= Emily Coddington Williams =

American historian of mathematics

Emily Coddington Williams (born Emily Matilda Coddington, October 21, 1873 – August 8, 1952) was an American historian of mathematics, translator, novelist, playwright, and biographer.

==Early life and education==
Coddington was born on October 21, 1873, in New York City; her parents were of well-off colonial stock. Her father, a lawyer, died in 1876, and she came to live in Midtown Manhattan with her mother and grandmother. She passed the entrance examination for Harvard University in 1891, allowing her to study at the Harvard Annex, a precursor to Radcliffe College. Instead, she went to the University of London from 1894 to 1896, and earned a bachelor's degree there. In 1898, Columbia University awarded her a master's degree in mathematics, minoring in mechanics and Greek, based on a thesis she wrote at the end of her studies in London concerning the history of determinants.

She completed a Ph.D. at Columbia in 1905. Her dissertation, A Brief Account of the Historical Development of Pseudospherical Surfaces from 1827 to 1887, concerned the history of non-Euclidean geometry and the pseudosphere, also including material on a paper of Albert Victor Bäcklund on hyperbolic geometry, which she translated from Swedish into English.

Beginning in 1909 Coddington studied law at New York University, gaining admission to the bar in 1912 and earning a law degree in 1913. Although Coddington did not become a professional mathematician or lawyer, she remained a lifelong member of the American Mathematical Society, and attended the 1908 and 1912 International Congresses of Mathematicians in England and Italy, respectively.

==Later life==
Coddington married businessman William Henry Williams in 1917, and her subsequent publications were under the name Emily Coddington Williams. She participated in several clubs concerning gardening and women's suffrage, and traveled frequently to Europe. With her husband, she continued to live in New York, summering in Newport, Rhode Island. They were childless, although her husband had adopted Irma Williams, his niece, after Irma's mother died in childbirth in 1901.

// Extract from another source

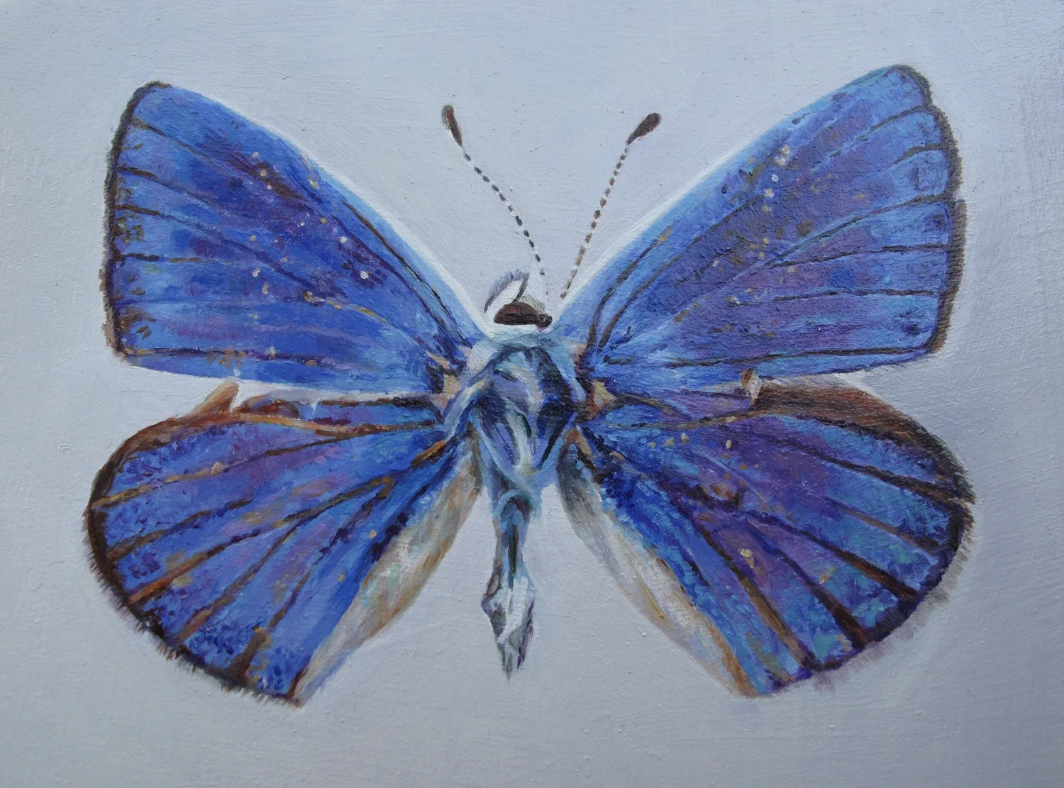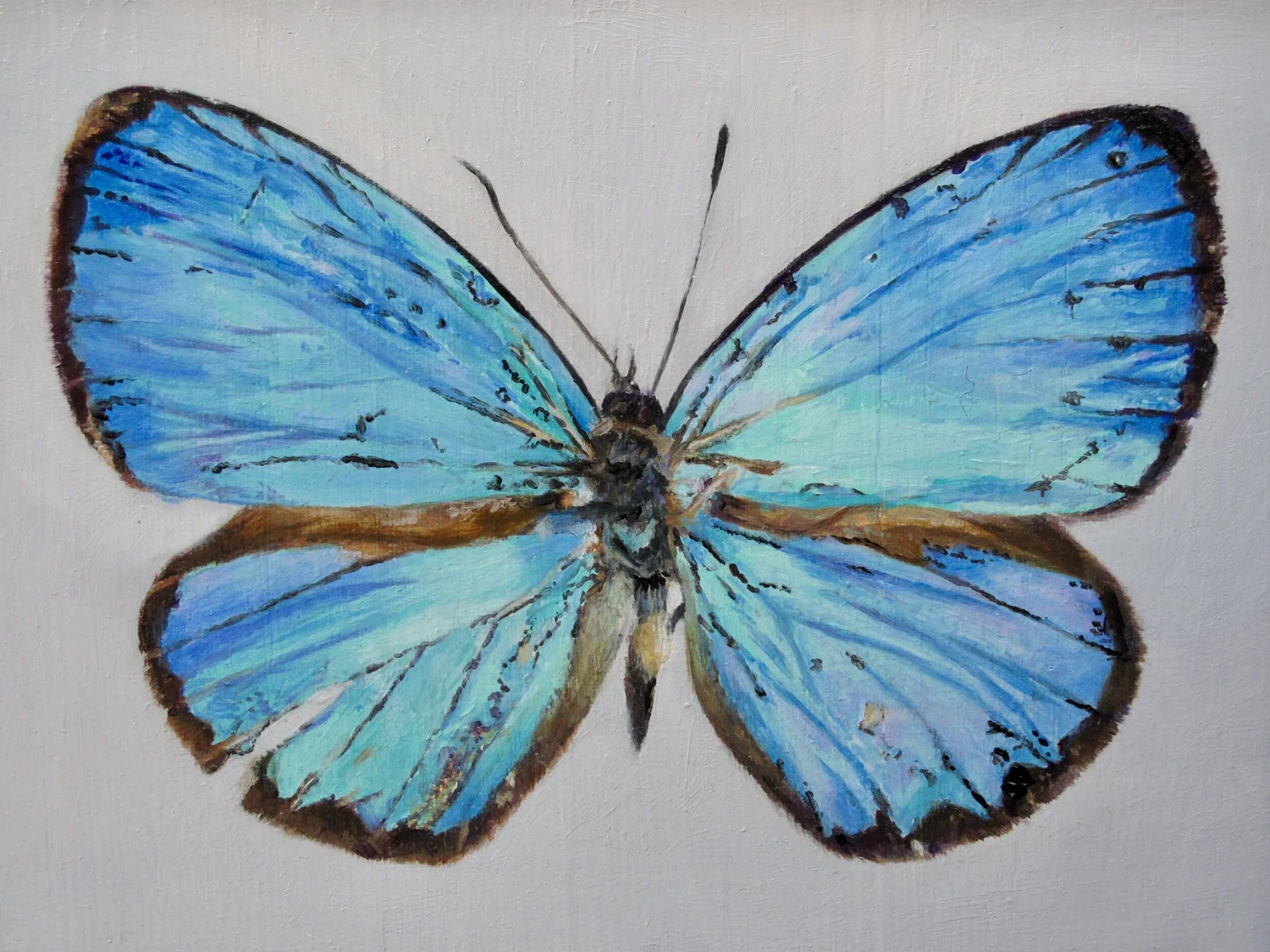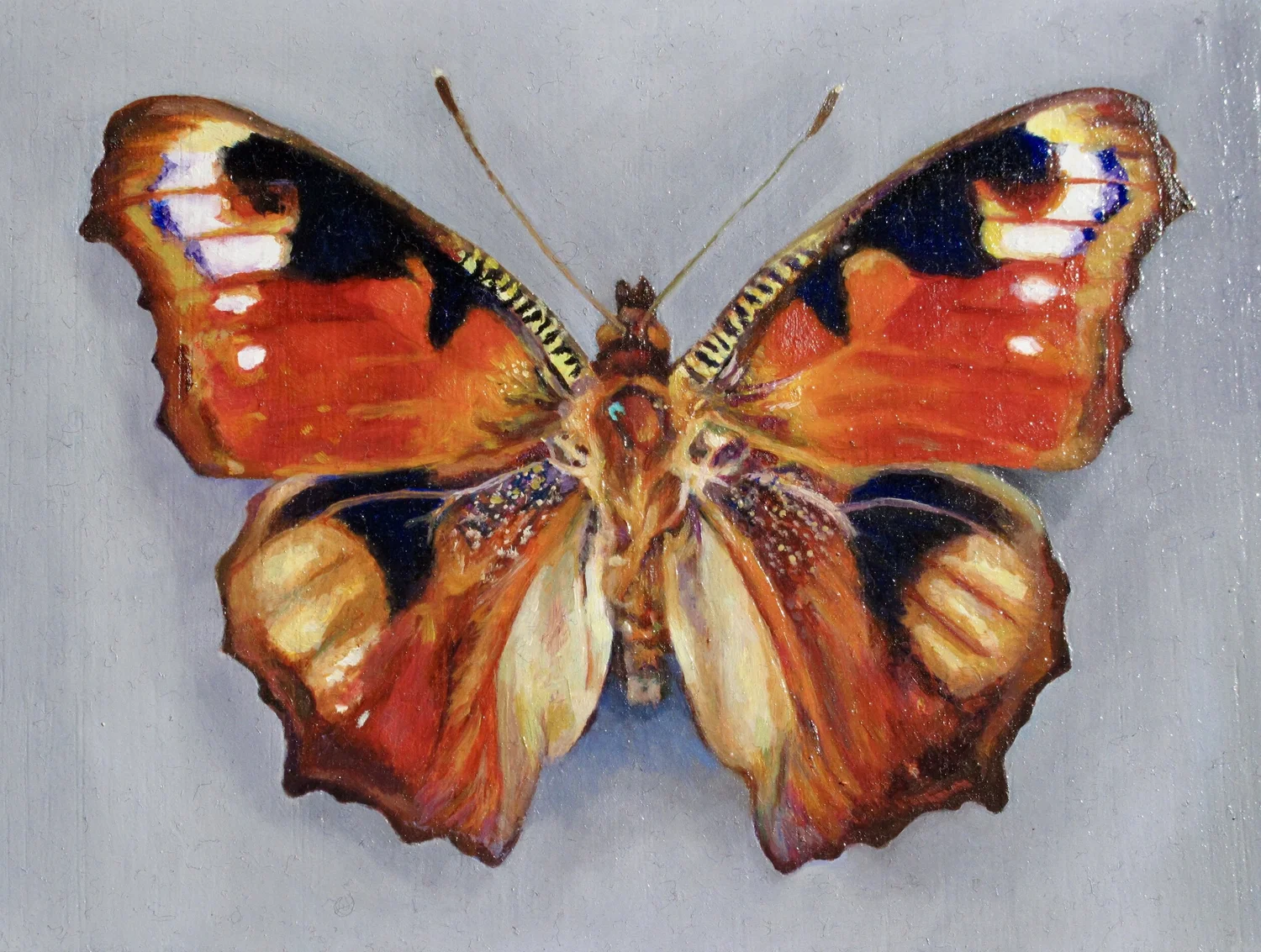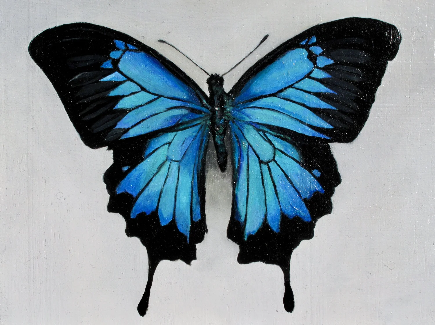 Papilio Ulysses (Ulysses) Oil on oak panel. 4 x 5 inches.

Williams was the author of two one-act plays, Then (1914) and Pals (1925), two novels, Homing Pigeon (1927) and Quest for Love (1929) and a 1941 biography of William Coddington (1601–1678), governor of Rhode Island.

Her husband died in 1943. In 1952, Williams set sail for Europe on the RMS Queen Mary, but she broke her hip while on board, and died in a hospital in Paris on August 8, 1952, leaving a large legacy to her godchildren and the societies she belonged to. Her Newport estate, Villa Rosa, was sold to a real estate developer who demolished it and replaced it with a condominium complex.